Sitting for too long also causes more fats to enter your blood and makes you less sensitive to insulin. Insulin resistance leads to a large number of complaints and ailments.

Slower metabolism

If you sit for too long, you use your muscles less, which slows down your metabolism. When you stand, on the other hand, you use the large muscles in your body that are located not only in your legs, but also in your back and chest.

Airplane thrombosis

A different story is sitting too long while traveling. Every now and then we are startled by a traveler who dies of aircraft thrombosis after a long flight. Less serious – but no less annoying – effects of a long journey are painful legs or thrombosed legs.
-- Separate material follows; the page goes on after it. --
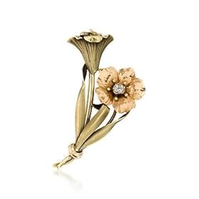 C. 1950 Vintage .40 Carat Diamond Flower Pin In 14kt Two-Tone Gold: Jewelry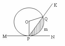 12. 如图,半径为2的⊙O切直线MN于点P,射线PK从PN出发,绕P点逆时针旋转到PM,旋转过程中PK交⊙O于点Q,若∠POQ为x,弓形PmQ的面积为S=f(x),那么f(x)的图象大致是:( )

What are the “old” health advice for exercise?

The Dutch Standard for Healthy Exercise (NNGB) prescribes moderately intensive exercise for half an hour (or 150 minutes per week) at least 5 days a week. This should be sufficient for good health.

“Moderately intensive exercise” means that you move in such a way that you breathe faster, your body temperature rises and your heart beats faster. Examples of “moderately intensive exercise” are: walking, cycling, Nordic walking, fitness and swimming.

The new movement

The new movement states that simply adhering to the NNGB is not enough for your health. You should also sit less throughout the day .

This way you sit less

  • alternate between sitting and standing during the day.
  • to work at a sit-stand desk
  • not to eat lunch at your desk, but to take a walk during the lunch break
  • Do short, simple exercises during the day.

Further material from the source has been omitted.